PROVIDED MATERIAL:
▬▬▬
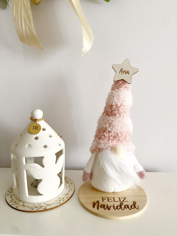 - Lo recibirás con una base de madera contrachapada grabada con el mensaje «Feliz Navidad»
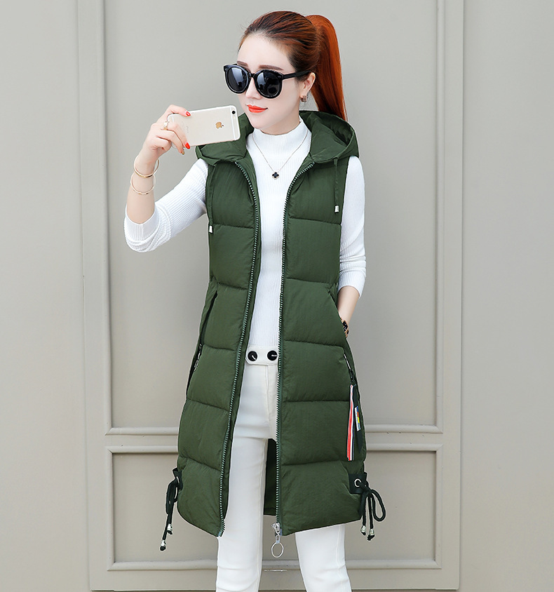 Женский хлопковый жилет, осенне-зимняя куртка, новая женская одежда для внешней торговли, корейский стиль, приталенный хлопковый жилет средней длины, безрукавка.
▬▬▬
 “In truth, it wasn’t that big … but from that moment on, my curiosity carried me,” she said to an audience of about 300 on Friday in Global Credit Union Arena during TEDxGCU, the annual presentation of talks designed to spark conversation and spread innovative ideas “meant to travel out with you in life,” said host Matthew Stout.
▬▬▬
INSTRUCTIONS TO FOLLOW: Pictures in the entries do not go into the copy. Print only the lines starting at the one containing "- Lo recibirás" and ending at the one containing "Женский хлопковый жилет, осенне-зимняя", exactly as they appear.

SOLVED EXERCISE:
 - Lo recibirás con una base de madera contrachapada grabada con el mensaje «Feliz Navidad»
 Женский хлопковый жилет, осенне-зимняя куртка, новая женская одежда для внешней торговли, корейский стиль, приталенный хлопковый жилет средней длины, безрукавка.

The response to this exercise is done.